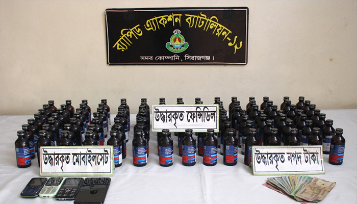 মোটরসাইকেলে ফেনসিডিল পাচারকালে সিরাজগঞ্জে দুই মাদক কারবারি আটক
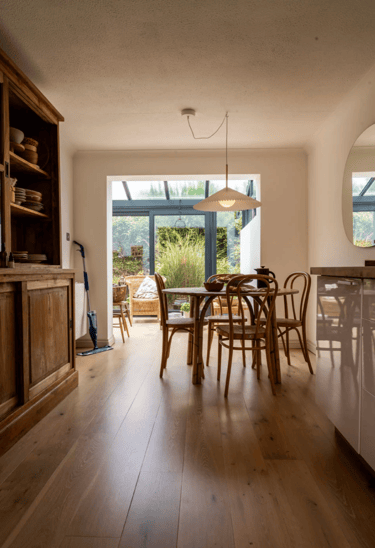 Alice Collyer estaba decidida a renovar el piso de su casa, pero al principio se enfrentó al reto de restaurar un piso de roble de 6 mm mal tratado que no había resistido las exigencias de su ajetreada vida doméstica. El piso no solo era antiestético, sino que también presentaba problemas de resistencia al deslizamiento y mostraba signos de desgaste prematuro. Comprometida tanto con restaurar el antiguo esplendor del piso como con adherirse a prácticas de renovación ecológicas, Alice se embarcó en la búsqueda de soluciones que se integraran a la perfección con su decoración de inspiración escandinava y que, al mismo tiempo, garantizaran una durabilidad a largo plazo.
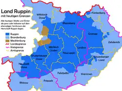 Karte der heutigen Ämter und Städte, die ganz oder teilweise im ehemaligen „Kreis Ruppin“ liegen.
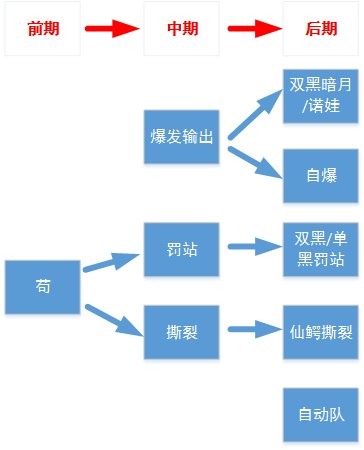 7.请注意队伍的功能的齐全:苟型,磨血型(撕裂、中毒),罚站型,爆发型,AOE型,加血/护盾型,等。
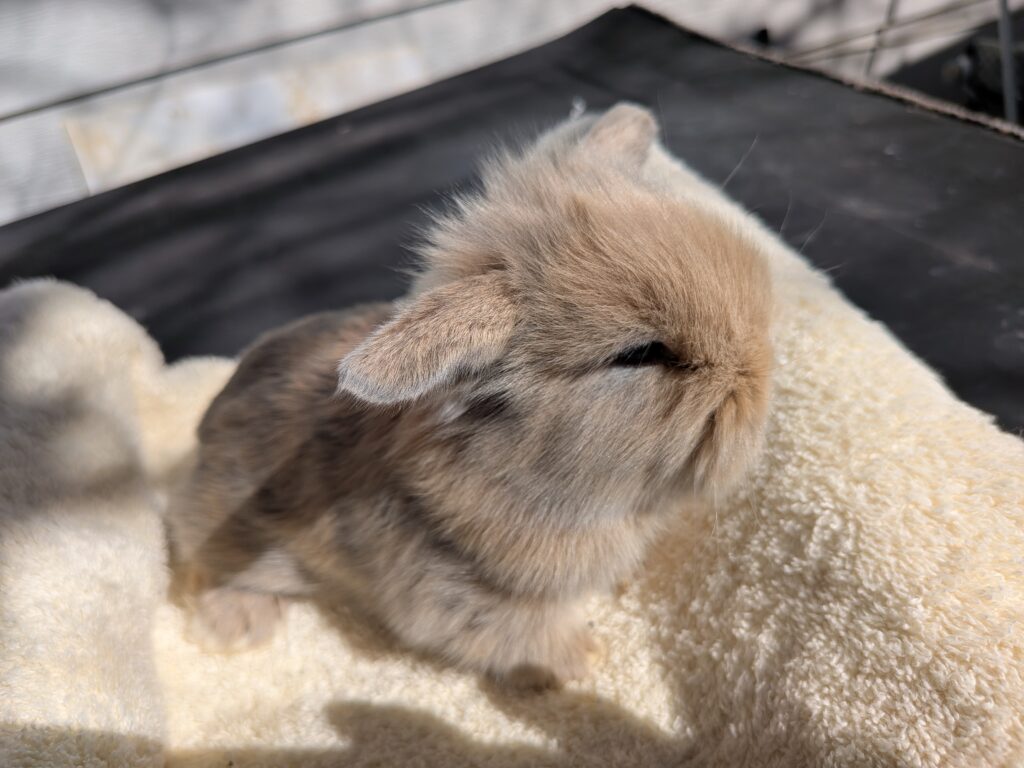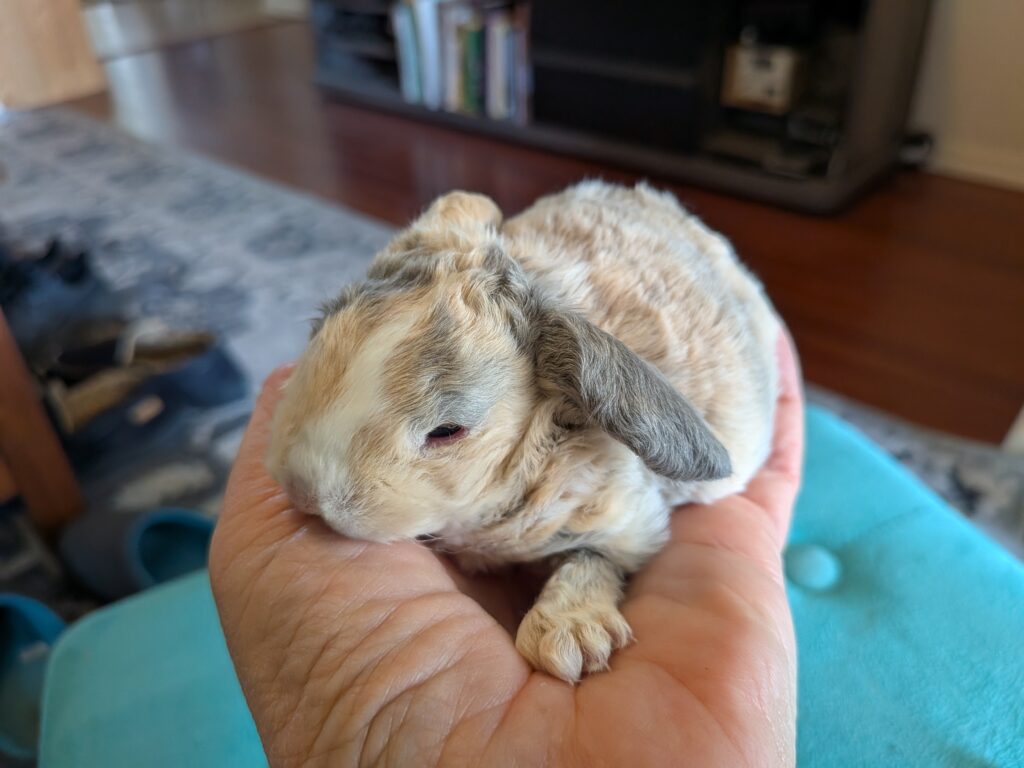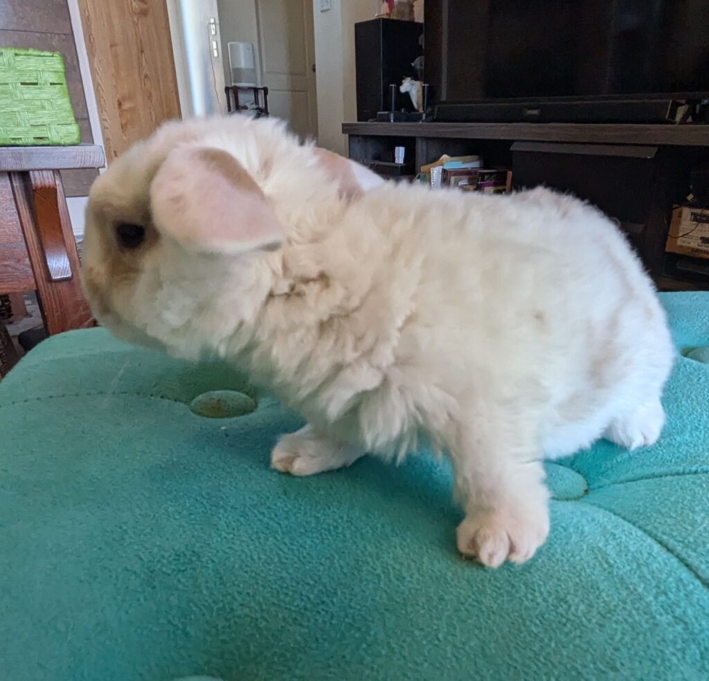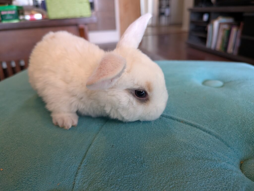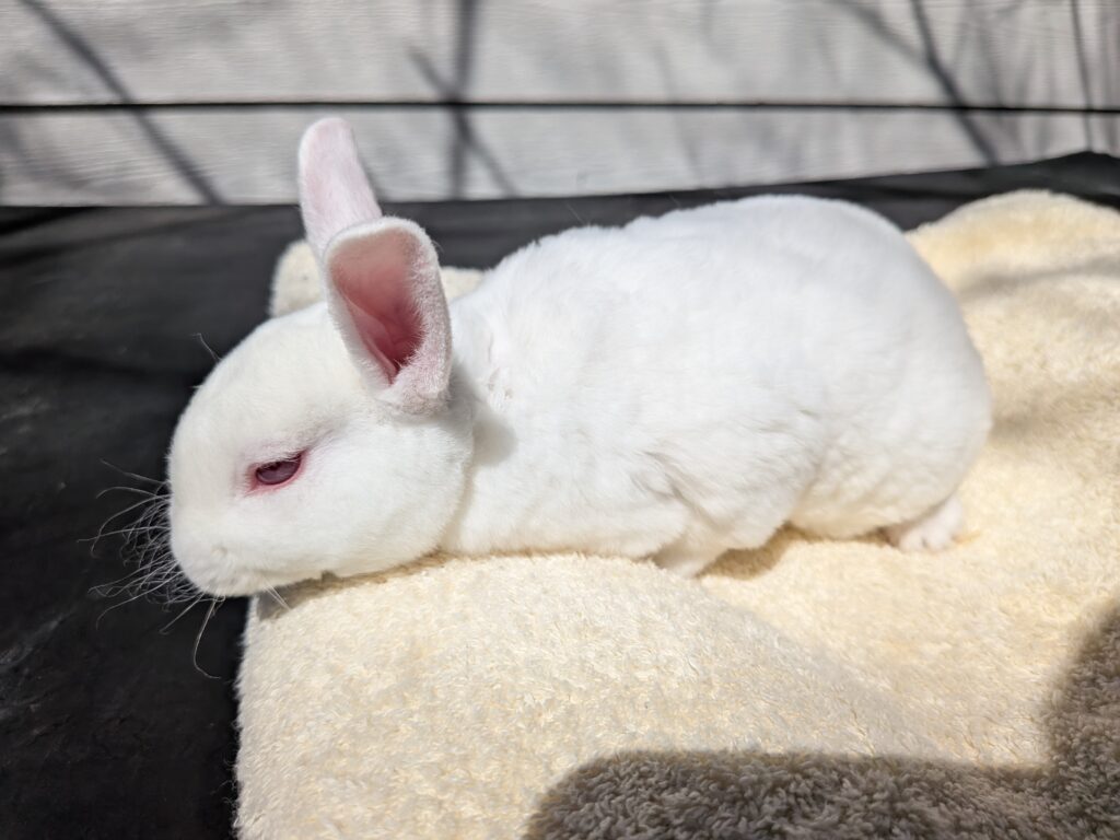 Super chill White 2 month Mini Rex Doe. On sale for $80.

* * *

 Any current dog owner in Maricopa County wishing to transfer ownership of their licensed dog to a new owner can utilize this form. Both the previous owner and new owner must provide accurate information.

TASK DETAILS — Nothing but the lines above, starting at the line that contains "Alice Collyer estaba" and ending at the line that contains "Super chill White", should be given again, exactly and without the pictures.

RESPONSE AREA —
 Alice Collyer estaba decidida a renovar el piso de su casa, pero al principio se enfrentó al reto de restaurar un piso de roble de 6 mm mal tratado que no había resistido las exigencias de su ajetreada vida doméstica. El piso no solo era antiestético, sino que también presentaba problemas de resistencia al deslizamiento y mostraba signos de desgaste prematuro. Comprometida tanto con restaurar el antiguo esplendor del piso como con adherirse a prácticas de renovación ecológicas, Alice se embarcó en la búsqueda de soluciones que se integraran a la perfección con su decoración de inspiración escandinava y que, al mismo tiempo, garantizaran una durabilidad a largo plazo.
 Karte der heutigen Ämter und Städte, die ganz oder teilweise im ehemaligen „Kreis Ruppin“ liegen.
 7.请注意队伍的功能的齐全:苟型,磨血型(撕裂、中毒),罚站型,爆发型,AOE型,加血/护盾型,等。
 Super chill White 2 month Mini Rex Doe. On sale for $80.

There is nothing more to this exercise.